Practical Uses of Dependent Types in Programming

type-systems

I've been reading about this thing called dependent types.

So for example imagine a function firstNPrimes(int n) which returns an array of length n. In other words the type it returned would be int[n]. (In normal programming languages without dependent types all we can say is it returns int[] where the type doesn't specify the array length.)

I'm not entirely sure how useful this is though. I suppose if you had a cross product (into which that first function could be sent as arguments):

int[3] Cross(int[3] A, int[3] B){..}

which only worked on 3 dimensional vectors then maybe the compiler could type check this and avoid pointer issues.

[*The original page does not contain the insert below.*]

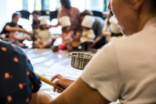 Οι μουσικοί σεφ και οι γονείς τους γίνονται μια ευχάριστη παρέα που χρησιμοποιώντας κουζινικά σκεύη και βρώσιμα υλικά, καλούνται όχι μόνο να κατανοήσουν τις βασικές μουσικές αρχές αλλά και να δημιουργήσουν μια αυτοσχέδια μουσική σύνθεση. Έτσι, μικροί και μεγάλοι, γίνονται μέλη της πιο ευφάνταστης μουσικής ορχήστρας! Η αυτοσχέδια μουσική σύνθεση θα ηχογραφείται και θα αποστέλλεται στους συμμετέχοντες σε MP3.

Are there any real practical uses of dependent types that would be useful in everyday programming? Or are they mainly just useful for abstract logic?

Best Answer

I think what you might be missing is the value you are depending on doesn't have to be a constant like 3. The length is often specified generically, so you may not know the exact length, but you can specify constraints on that length between your return values and different arguments.

There are a lot of functions that require n > 0, like head for example.

There are a lot of functions that take an index that must be within the size of the vector.

There are a lot of functions that take two vectors that must be the same size as each other, like a dot product for example.

Dependent typing allows you to verify all of these sorts of constraints at compile time, validating at the very edge of your system.